··· Extracted information
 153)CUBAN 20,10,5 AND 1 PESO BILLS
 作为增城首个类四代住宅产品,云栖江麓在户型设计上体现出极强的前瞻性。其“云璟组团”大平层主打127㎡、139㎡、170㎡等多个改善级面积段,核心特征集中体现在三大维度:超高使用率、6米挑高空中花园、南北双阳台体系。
······
··· Extracted information
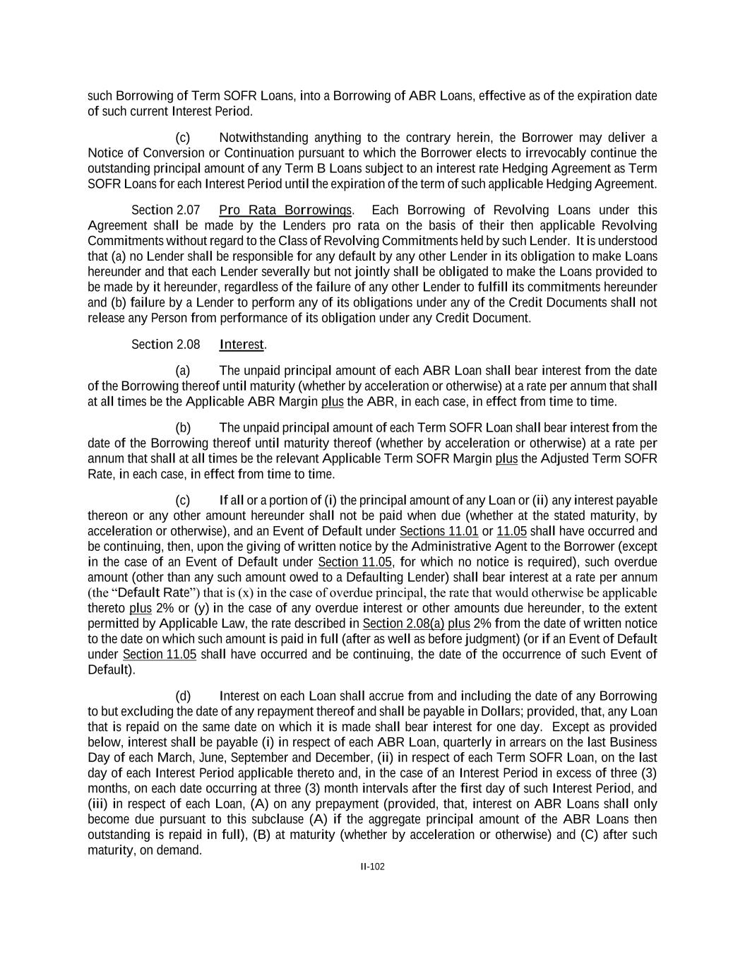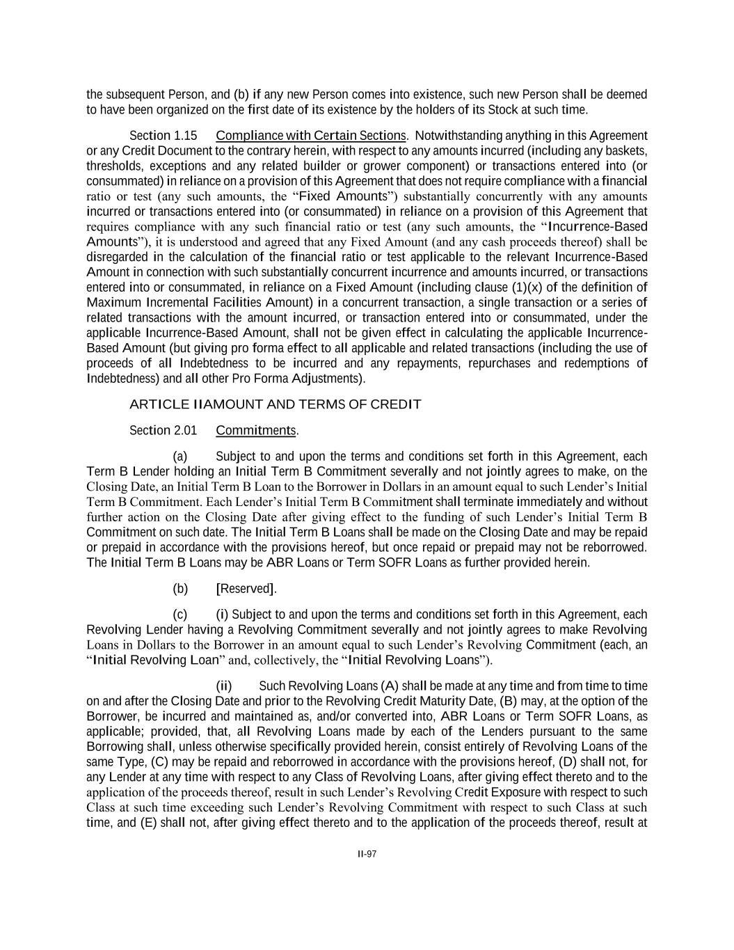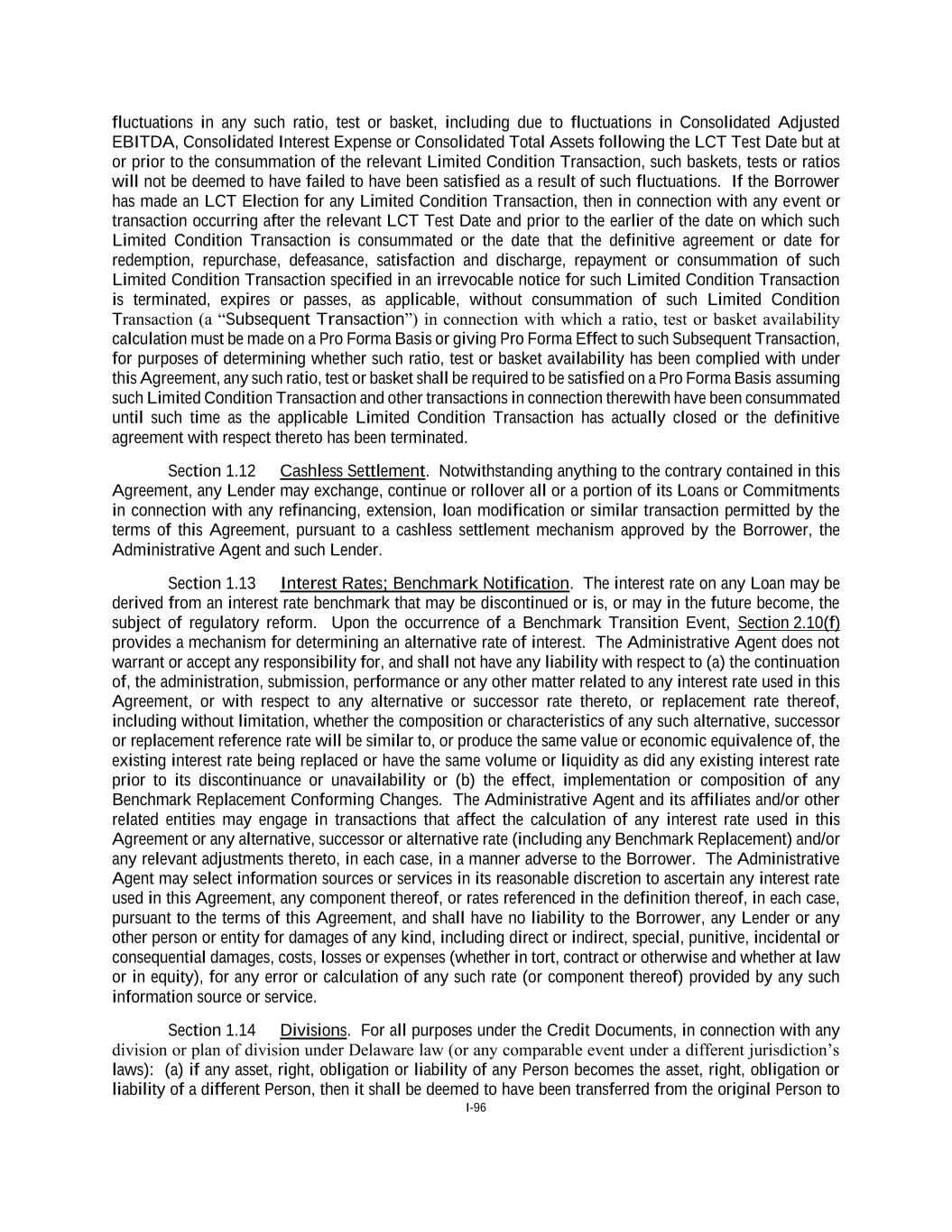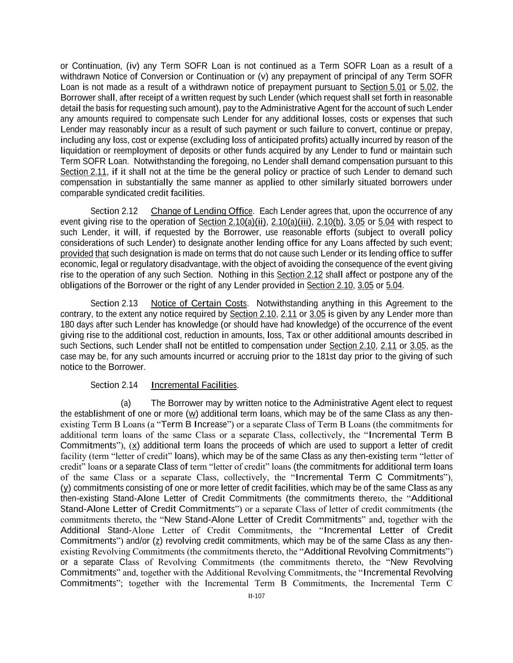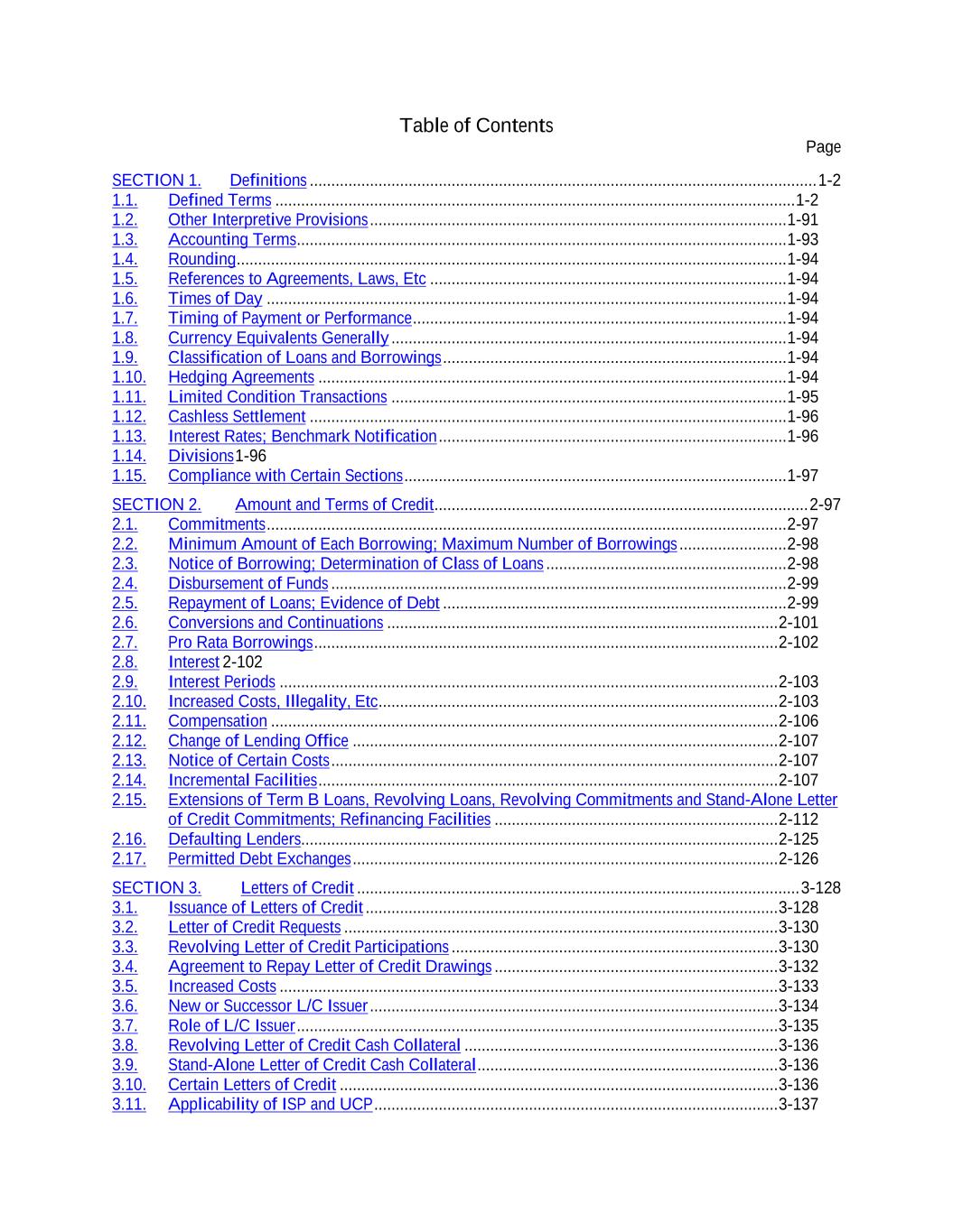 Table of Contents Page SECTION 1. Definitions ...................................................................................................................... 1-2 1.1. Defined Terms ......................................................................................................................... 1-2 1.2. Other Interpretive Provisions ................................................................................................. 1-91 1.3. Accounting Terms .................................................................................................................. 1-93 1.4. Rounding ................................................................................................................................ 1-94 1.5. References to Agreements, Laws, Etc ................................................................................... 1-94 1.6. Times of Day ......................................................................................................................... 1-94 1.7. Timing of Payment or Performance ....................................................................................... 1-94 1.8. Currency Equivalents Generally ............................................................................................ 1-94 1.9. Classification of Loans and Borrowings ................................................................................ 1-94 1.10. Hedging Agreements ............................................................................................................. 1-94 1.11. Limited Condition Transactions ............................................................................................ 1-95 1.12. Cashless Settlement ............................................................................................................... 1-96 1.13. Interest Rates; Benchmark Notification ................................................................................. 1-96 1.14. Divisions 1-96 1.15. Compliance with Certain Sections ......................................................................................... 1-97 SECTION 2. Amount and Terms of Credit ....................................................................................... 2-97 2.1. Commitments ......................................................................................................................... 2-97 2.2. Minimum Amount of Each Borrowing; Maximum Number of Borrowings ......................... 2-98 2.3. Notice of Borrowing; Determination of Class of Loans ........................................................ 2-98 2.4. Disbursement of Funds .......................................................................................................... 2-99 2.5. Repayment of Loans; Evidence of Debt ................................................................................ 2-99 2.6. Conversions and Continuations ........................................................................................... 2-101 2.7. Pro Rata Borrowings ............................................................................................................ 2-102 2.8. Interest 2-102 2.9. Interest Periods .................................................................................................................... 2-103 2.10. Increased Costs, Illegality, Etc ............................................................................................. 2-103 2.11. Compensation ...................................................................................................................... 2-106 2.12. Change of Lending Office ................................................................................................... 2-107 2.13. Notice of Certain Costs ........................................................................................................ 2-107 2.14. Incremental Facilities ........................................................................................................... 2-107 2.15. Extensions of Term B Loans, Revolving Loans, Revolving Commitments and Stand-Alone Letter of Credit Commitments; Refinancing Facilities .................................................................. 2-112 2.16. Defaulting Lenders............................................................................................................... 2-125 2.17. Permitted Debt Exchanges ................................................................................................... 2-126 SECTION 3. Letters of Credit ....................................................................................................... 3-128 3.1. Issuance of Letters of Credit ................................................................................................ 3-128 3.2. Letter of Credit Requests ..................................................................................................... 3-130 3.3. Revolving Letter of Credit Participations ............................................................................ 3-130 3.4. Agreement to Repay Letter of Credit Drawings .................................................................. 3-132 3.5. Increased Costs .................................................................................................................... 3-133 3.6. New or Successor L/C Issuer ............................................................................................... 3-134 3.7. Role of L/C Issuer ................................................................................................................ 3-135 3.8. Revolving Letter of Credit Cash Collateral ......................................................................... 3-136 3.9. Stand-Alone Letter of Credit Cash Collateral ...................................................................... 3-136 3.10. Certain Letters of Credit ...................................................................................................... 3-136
······
(What the task asks):
Would you retype the lines above from the one with "153)CUBAN 20,10,5 AND 1 PESO BILLS" down to the one with "作为增城首个类四代住宅产品,云栖江麓在户", word for word, both ends included and no other lines?

(Solved problem):
 153)CUBAN 20,10,5 AND 1 PESO BILLS
 作为增城首个类四代住宅产品,云栖江麓在户型设计上体现出极强的前瞻性。其“云璟组团”大平层主打127㎡、139㎡、170㎡等多个改善级面积段,核心特征集中体现在三大维度:超高使用率、6米挑高空中花园、南北双阳台体系。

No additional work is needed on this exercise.